## Exercise prompt:
While leaving the pictures out, set down only the lines from the one with "Clip & Carry —" through the end of the records, exactly as they stand.

## Task data:
- - -
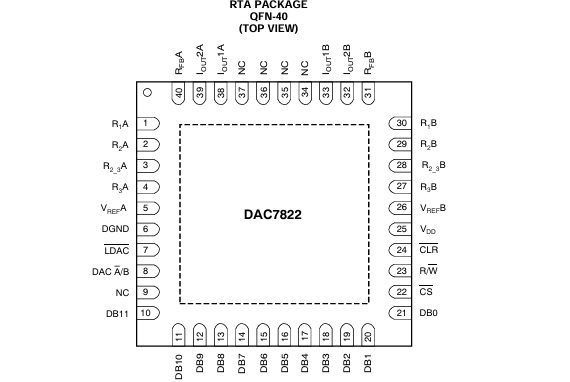 DAC7822的引腳功能豐富多樣,每個引腳都有其特定的作用。例如,RxA、R2sA、RgA等引腳為DAC A的四象限電阻引腳,可實現(xiàn)多種配置模式;VREFA和VREFB為DAC參考電壓輸入端子;LDAC引腳用于控制DAC輸出的更新等。
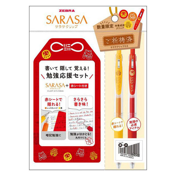 | 商品の特徴 | 神社の学業成就のご祈祷済み!頑張る受験生のお守りになります。サラサクリップ2本と赤色のチェックシート(コンサイスサイズ)1枚の暗記セット。サラサクリップのクリップ部分に縁起の良いモチーフがワンポイントでデザインされています。赤シートで隠せるオレンジ系インク。 | ||
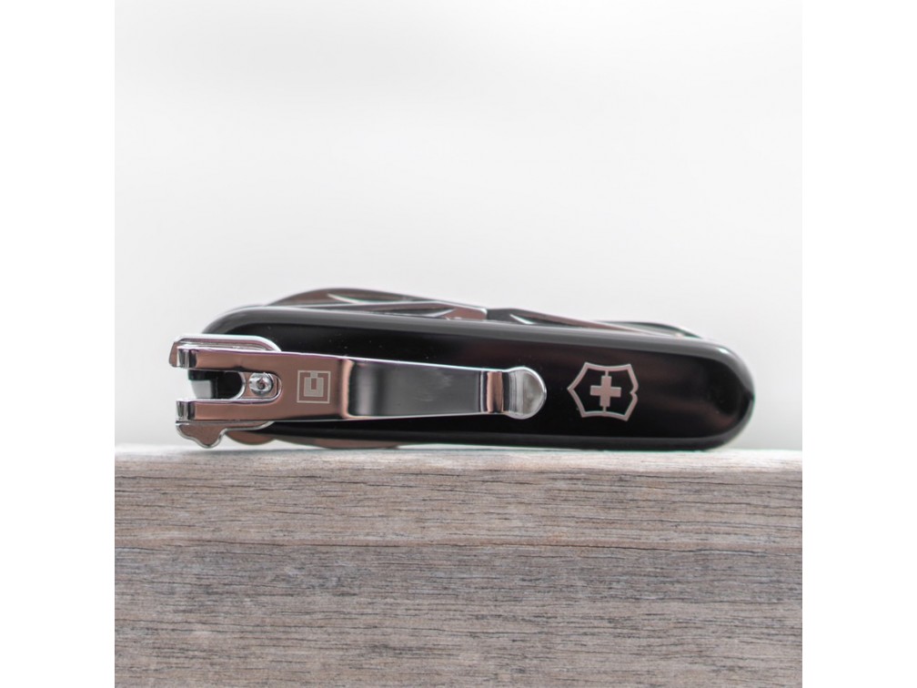 Clip & Carry — американский бренд, специализирующийся на производстве чехлов и аксессуаров для мультитулов и швейцарских армейских ножей. Все изделия бренда полностью производятся в США, что гарантирует высокое качество и надёжность. Продукция Clip & Carry разработана для обеспечения удобства и функциональности, каждый элемент тщательно продуман для повседневного или специализированного использования. Благодаря использованию прочных материалов и инновационных технологий аксессуары Clip & Carry обеспечивают надёжное хранение и быстрый доступ к инструментам в любых условиях. Клипса Clip & Carry SwissQlip представляет собой идеальное решение для тех, кто использует средние модели швейцарских армейских ножей Victorinox длиной 91 мм. Этот глубокий карманный клип позволяет надежно крепить ножи моделей Angler, Camper, Climber, Compact, Cybertool, Explorer, Fieldmaster и многих других к краю кармана, что обеспечивает удобный и быстрый доступ к инструменту.
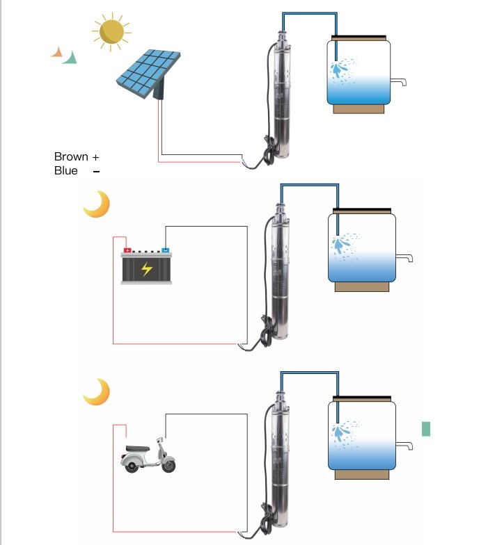 • For example: If the rated power of pump is 200W, then install 300-400W solar panel is workable. If the power of the solar panel is much larger than 2 times the pump power, the pump can still work normally as long as the output voltage of the solar panel is within the safe range.
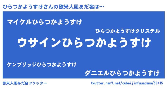 | 女子向けラノベタイトル風あだ名 | 『ひらつかようすけ様がみてる』 |
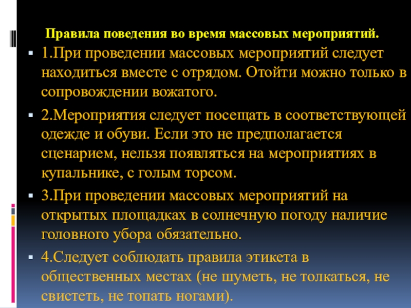 4.Следует соблюдать правила этикета в общественных местах (не шуметь, не толкаться, не свистеть, не топать ногами).
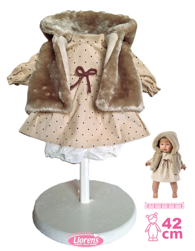 3dílný obleček pro panenku Llorens velikosti 42 cm. Vyrobeno ručně ve Španělsku, baleno v igelitovém obalu s ramínkem. Doporučený věk od 3 let.
- - -
## Written reply:
 Clip & Carry — американский бренд, специализирующийся на производстве чехлов и аксессуаров для мультитулов и швейцарских армейских ножей. Все изделия бренда полностью производятся в США, что гарантирует высокое качество и надёжность. Продукция Clip & Carry разработана для обеспечения удобства и функциональности, каждый элемент тщательно продуман для повседневного или специализированного использования. Благодаря использованию прочных материалов и инновационных технологий аксессуары Clip & Carry обеспечивают надёжное хранение и быстрый доступ к инструментам в любых условиях. Клипса Clip & Carry SwissQlip представляет собой идеальное решение для тех, кто использует средние модели швейцарских армейских ножей Victorinox длиной 91 мм. Этот глубокий карманный клип позволяет надежно крепить ножи моделей Angler, Camper, Climber, Compact, Cybertool, Explorer, Fieldmaster и многих других к краю кармана, что обеспечивает удобный и быстрый доступ к инструменту.
 • For example: If the rated power of pump is 200W, then install 300-400W solar panel is workable. If the power of the solar panel is much larger than 2 times the pump power, the pump can still work normally as long as the output voltage of the solar panel is within the safe range.
 | 女子向けラノベタイトル風あだ名 | 『ひらつかようすけ様がみてる』 |
 4.Следует соблюдать правила этикета в общественных местах (не шуметь, не толкаться, не свистеть, не топать ногами).
 3dílný obleček pro panenku Llorens velikosti 42 cm. Vyrobeno ručně ve Španělsku, baleno v igelitovém obalu s ramínkem. Doporučený věk od 3 let.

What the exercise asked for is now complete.